What would he do with another? Nothing. No one would give him the freedom to explore and experiment sexually, physically and mentally. She let him probe her all he wanted, walk her down thought paths that were odd, maybe even vile, just to explore the ideas. She welcomed it, in fact, and enjoyed his reactions, piecing together just how his mind worked. They found infinite entertainment in each other.
With these facts, Starling knows she is in no danger of losing her spouse. He cared for her with such naked honesty, she often wondered where the man who had so cruelly torn her down had gone. Not that she missed him overly much. The allure of the forbidden, the ever elusive 'bad boy' was a construct she had never liked, never exhilarated her. And she indeed had the baddest boy of all.
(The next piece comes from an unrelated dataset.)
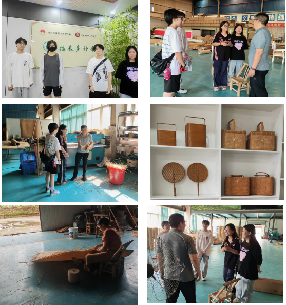 同时,负责人带领我们在基地进行参观学习,团队成员亲手尝试编织,虽然挑战重重,却也深切体会到了非遗舒席的魅力与珍贵。最后,团队成员与非遗传承人进行了进一步的深入交流,探讨潜山舒席在现代社会中的传承与发展。福泰多舒席厂区负责人向我们表示,通过传承老工艺,研发新工艺,结合现代设计理念和市场需求,先后研发了篾扇、舒席工艺包、竹篾家具等新产品,为舒席文化的传承注入了新的活力,他对潜山舒席的明天充满信心,未来他们将继续传承并创新潜山舒席,以此吸引更多游客,促进潜山非遗文旅发展。

While some human part of her had always acknowledged that he was handsome, and that his flirtatious overtones did in some way reach her, Starling had always been an Agent first and he a criminal aide.
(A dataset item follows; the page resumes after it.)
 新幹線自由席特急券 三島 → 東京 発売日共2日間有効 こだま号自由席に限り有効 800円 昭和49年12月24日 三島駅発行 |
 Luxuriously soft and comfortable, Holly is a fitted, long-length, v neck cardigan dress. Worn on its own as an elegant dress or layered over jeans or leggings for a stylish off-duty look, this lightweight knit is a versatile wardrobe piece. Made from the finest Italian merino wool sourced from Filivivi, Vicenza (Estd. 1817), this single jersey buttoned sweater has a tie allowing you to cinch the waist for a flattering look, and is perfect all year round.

It was not until she was older did she begin to understand some of what he had been trying to impart to her. And only with the death of Good Johnny Brigham and his letter did she come to feel that string of connection to him. It was an iron chord, thin but threaded well and would not be broken. There was little about them that was soft or gentle.
Except, perhaps, how he now treated her. Back to this thought: to her usefulness. Lecter was always so composed and so assured. He tended to her needs, even ones she had not anticipated. She enjoyed them, always made a point to show her gratitude. But what if it was not enough? What if he now began to see her as a demanding mistress, as his dream had partaken?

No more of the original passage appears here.